Germany has no restrictions on foreign ownership in its media outlets. This is an unprecedented opportunity to get into the world's second biggest media market as measured by advertising revenue.

It's no secret Chancellor Gerhard Schroeder is pushing strongly for a domestic player to take the reins. He's perhaps reluctant to shake the status quo ahead of September's national election.

Most non-domestic hopefuls have tried to ease the way by teaming up with a German player.

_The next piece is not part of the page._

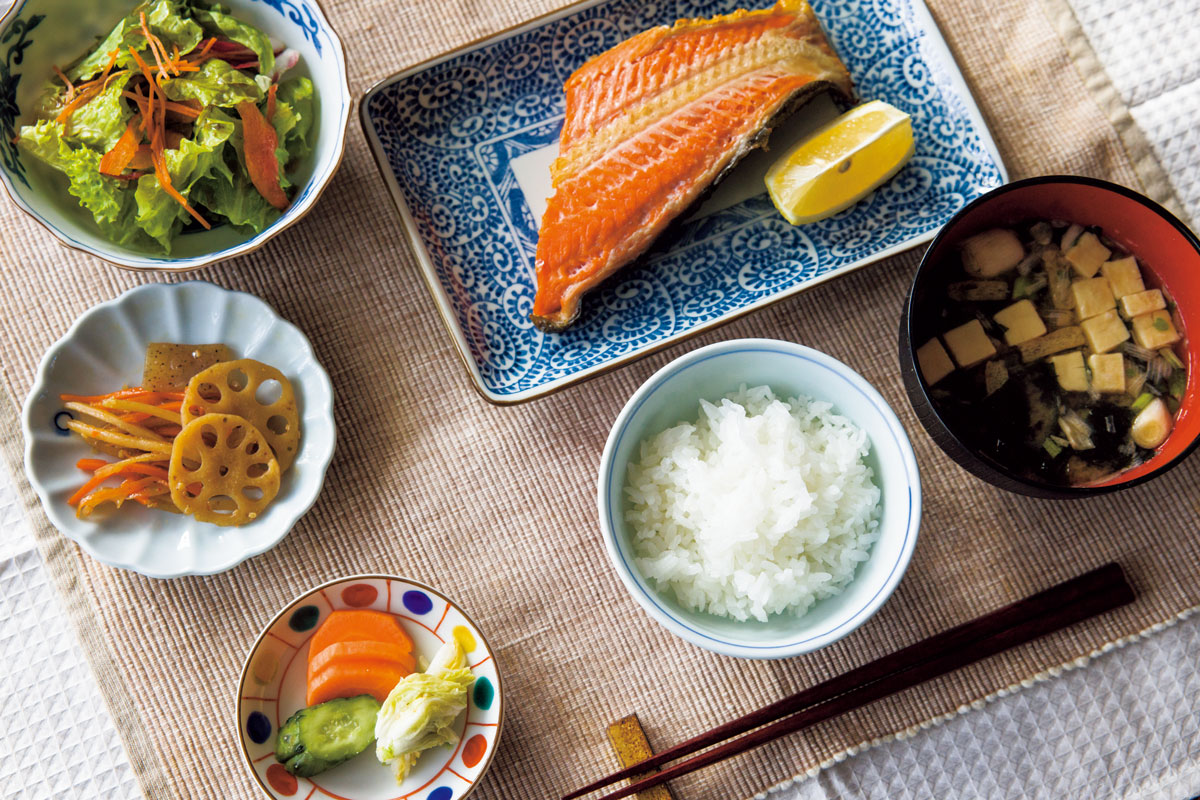 タンパク質は筋肉を維持するための大切な栄養素。確実に吸収させるため最初に食べます。次は糖の吸収を緩やかにする野菜や海藻を、最後にご飯などの炭水化物を摂り、糖質過多の食事を防いで血糖値の上昇を抑制します。

"The government, and maybe as well the German opposition, they both believe that the German media are very well advanced," says Hans Redeker of BNP Paribas.

"Maybe not as profitable as foreign media, but they are keeping a broad-based information system, and that is maybe one of the big differences of the German media scene to maybe foreign media scenes."

KirchMedia filed for insolvency in April. Since then, the bidding process has been lengthy, complicated and shrouded in secrecy. There's no sign of when a final decision will come.

These second-round bids remain legally non-binding amid rumoured complaints that KirchMedia's adviser UBS Warburg has given out limited information.

Ultimately, KirchMedia's creditors will have the last word.